Exercise data

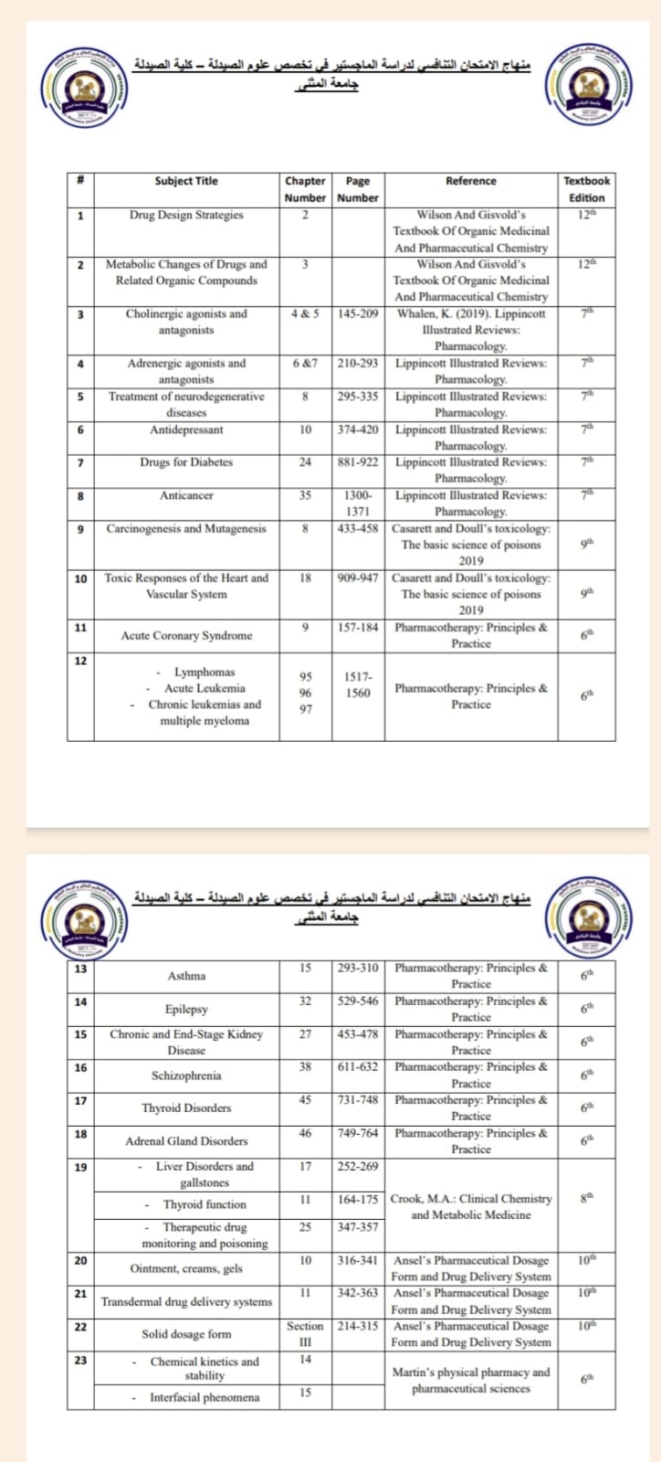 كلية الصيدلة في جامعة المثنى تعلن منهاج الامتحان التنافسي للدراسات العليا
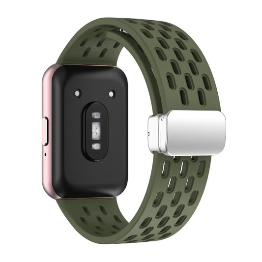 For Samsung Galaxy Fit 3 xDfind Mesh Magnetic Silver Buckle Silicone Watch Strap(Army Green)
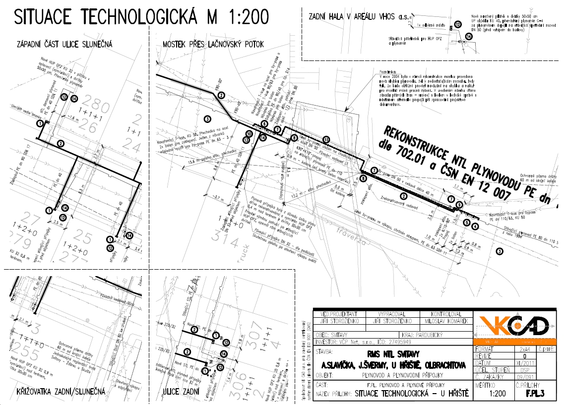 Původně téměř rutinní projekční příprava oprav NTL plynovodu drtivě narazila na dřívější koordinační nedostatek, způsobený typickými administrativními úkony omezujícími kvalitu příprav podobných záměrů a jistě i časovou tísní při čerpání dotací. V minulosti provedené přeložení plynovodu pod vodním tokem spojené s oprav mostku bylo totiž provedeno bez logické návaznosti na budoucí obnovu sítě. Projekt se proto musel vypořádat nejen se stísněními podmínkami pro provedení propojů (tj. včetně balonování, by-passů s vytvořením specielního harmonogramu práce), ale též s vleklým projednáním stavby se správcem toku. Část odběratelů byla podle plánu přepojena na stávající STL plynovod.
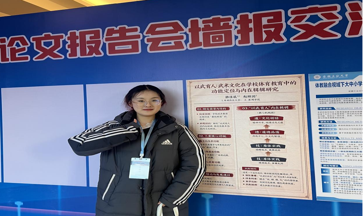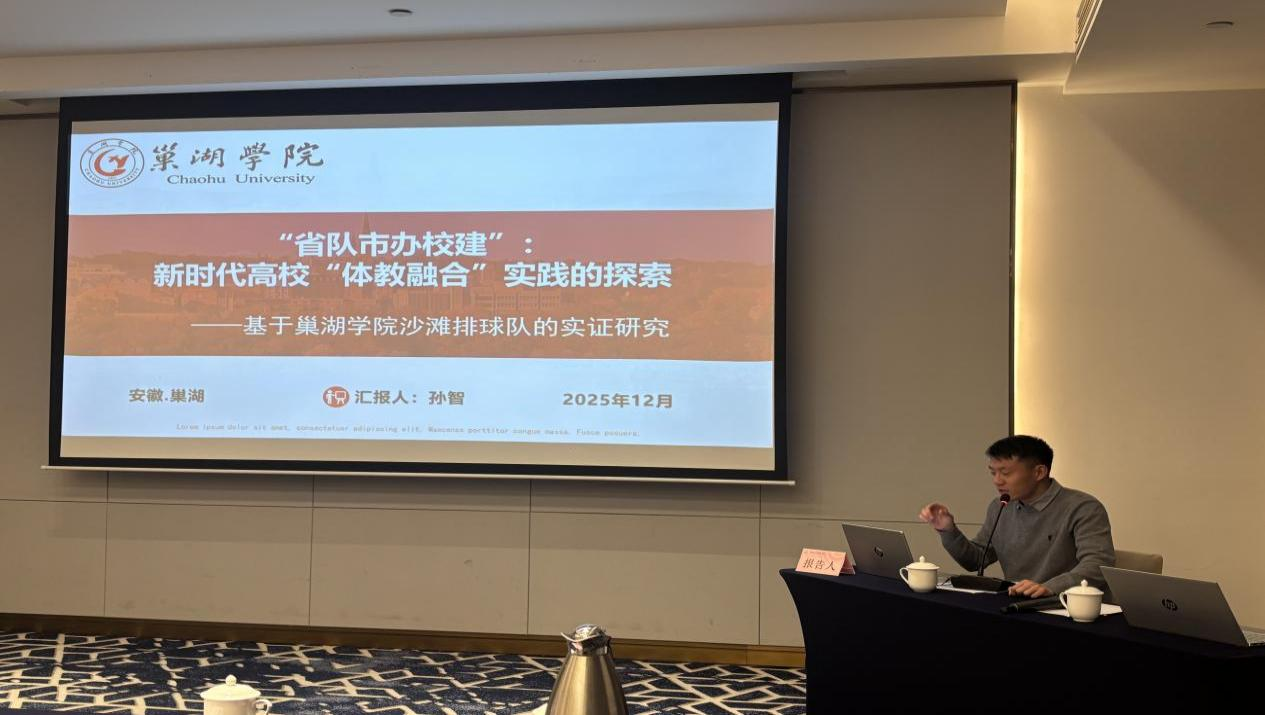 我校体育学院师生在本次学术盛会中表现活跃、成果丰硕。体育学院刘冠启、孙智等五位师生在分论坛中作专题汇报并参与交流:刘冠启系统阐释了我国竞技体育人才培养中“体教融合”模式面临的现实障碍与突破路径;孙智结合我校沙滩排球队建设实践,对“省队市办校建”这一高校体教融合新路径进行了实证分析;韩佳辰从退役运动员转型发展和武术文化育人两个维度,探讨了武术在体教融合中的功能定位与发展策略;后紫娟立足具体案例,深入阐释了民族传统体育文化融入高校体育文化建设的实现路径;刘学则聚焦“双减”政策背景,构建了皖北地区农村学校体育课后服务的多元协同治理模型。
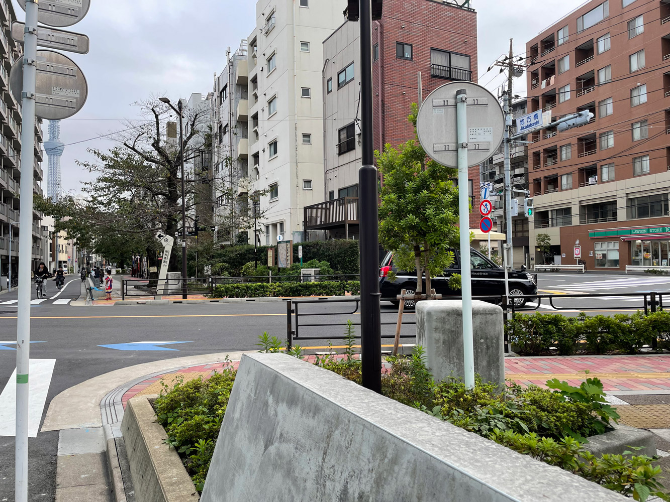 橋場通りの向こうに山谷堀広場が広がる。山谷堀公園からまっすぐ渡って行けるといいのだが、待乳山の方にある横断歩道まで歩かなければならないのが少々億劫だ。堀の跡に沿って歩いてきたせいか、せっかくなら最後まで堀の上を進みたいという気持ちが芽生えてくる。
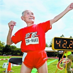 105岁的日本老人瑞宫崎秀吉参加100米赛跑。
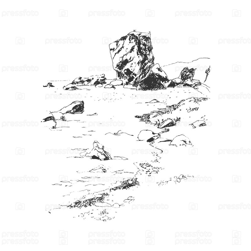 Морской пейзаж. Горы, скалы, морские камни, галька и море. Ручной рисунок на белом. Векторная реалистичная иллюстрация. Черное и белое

Instructions for the task
Output the full set of records above without changing a word, and drop the images.

Solution
 كلية الصيدلة في جامعة المثنى تعلن منهاج الامتحان التنافسي للدراسات العليا
 For Samsung Galaxy Fit 3 xDfind Mesh Magnetic Silver Buckle Silicone Watch Strap(Army Green)
 Původně téměř rutinní projekční příprava oprav NTL plynovodu drtivě narazila na dřívější koordinační nedostatek, způsobený typickými administrativními úkony omezujícími kvalitu příprav podobných záměrů a jistě i časovou tísní při čerpání dotací. V minulosti provedené přeložení plynovodu pod vodním tokem spojené s oprav mostku bylo totiž provedeno bez logické návaznosti na budoucí obnovu sítě. Projekt se proto musel vypořádat nejen se stísněními podmínkami pro provedení propojů (tj. včetně balonování, by-passů s vytvořením specielního harmonogramu práce), ale též s vleklým projednáním stavby se správcem toku. Část odběratelů byla podle plánu přepojena na stávající STL plynovod.
 我校体育学院师生在本次学术盛会中表现活跃、成果丰硕。体育学院刘冠启、孙智等五位师生在分论坛中作专题汇报并参与交流:刘冠启系统阐释了我国竞技体育人才培养中“体教融合”模式面临的现实障碍与突破路径;孙智结合我校沙滩排球队建设实践,对“省队市办校建”这一高校体教融合新路径进行了实证分析;韩佳辰从退役运动员转型发展和武术文化育人两个维度,探讨了武术在体教融合中的功能定位与发展策略;后紫娟立足具体案例,深入阐释了民族传统体育文化融入高校体育文化建设的实现路径;刘学则聚焦“双减”政策背景,构建了皖北地区农村学校体育课后服务的多元协同治理模型。
 橋場通りの向こうに山谷堀広場が広がる。山谷堀公園からまっすぐ渡って行けるといいのだが、待乳山の方にある横断歩道まで歩かなければならないのが少々億劫だ。堀の跡に沿って歩いてきたせいか、せっかくなら最後まで堀の上を進みたいという気持ちが芽生えてくる。
 105岁的日本老人瑞宫崎秀吉参加100米赛跑。
 Морской пейзаж. Горы, скалы, морские камни, галька и море. Ручной рисунок на белом. Векторная реалистичная иллюстрация. Черное и белое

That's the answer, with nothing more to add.